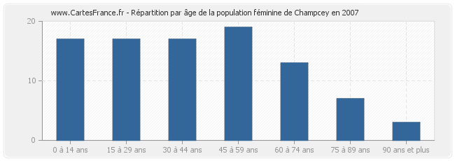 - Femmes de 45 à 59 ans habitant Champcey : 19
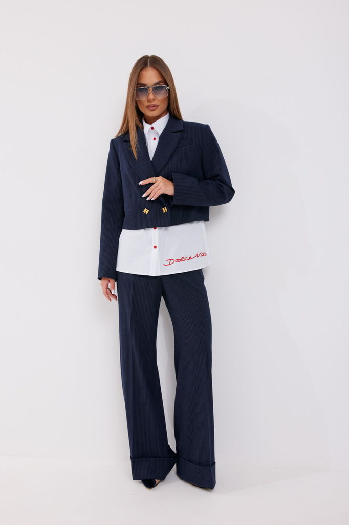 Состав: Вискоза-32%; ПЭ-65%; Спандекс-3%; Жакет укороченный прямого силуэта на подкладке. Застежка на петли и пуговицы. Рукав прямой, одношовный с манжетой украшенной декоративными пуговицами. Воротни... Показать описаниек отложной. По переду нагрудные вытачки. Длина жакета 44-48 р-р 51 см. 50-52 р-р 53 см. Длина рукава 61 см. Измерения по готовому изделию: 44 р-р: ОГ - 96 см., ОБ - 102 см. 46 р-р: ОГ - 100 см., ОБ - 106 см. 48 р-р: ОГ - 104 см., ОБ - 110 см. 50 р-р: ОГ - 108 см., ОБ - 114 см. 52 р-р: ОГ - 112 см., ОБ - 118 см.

...

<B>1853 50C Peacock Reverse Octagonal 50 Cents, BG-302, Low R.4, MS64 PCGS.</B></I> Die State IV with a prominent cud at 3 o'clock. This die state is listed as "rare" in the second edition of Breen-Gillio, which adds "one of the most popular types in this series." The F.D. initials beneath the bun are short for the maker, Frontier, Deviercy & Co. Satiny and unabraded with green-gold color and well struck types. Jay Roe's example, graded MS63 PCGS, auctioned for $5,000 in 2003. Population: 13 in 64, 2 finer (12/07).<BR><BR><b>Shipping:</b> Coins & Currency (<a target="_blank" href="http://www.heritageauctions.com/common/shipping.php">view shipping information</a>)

- _To do_: Print from the line containing "- Femmes de" through the line containing "Состав: Вискоза-32%; ПЭ-65%;" in the data above, exactly as the lines stand, and omit every picture.

- _Output_:
 - Femmes de 45 à 59 ans habitant Champcey : 19
 Состав: Вискоза-32%; ПЭ-65%; Спандекс-3%; Жакет укороченный прямого силуэта на подкладке. Застежка на петли и пуговицы. Рукав прямой, одношовный с манжетой украшенной декоративными пуговицами. Воротни... Показать описаниек отложной. По переду нагрудные вытачки. Длина жакета 44-48 р-р 51 см. 50-52 р-р 53 см. Длина рукава 61 см. Измерения по готовому изделию: 44 р-р: ОГ - 96 см., ОБ - 102 см. 46 р-р: ОГ - 100 см., ОБ - 106 см. 48 р-р: ОГ - 104 см., ОБ - 110 см. 50 р-р: ОГ - 108 см., ОБ - 114 см. 52 р-р: ОГ - 112 см., ОБ - 118 см.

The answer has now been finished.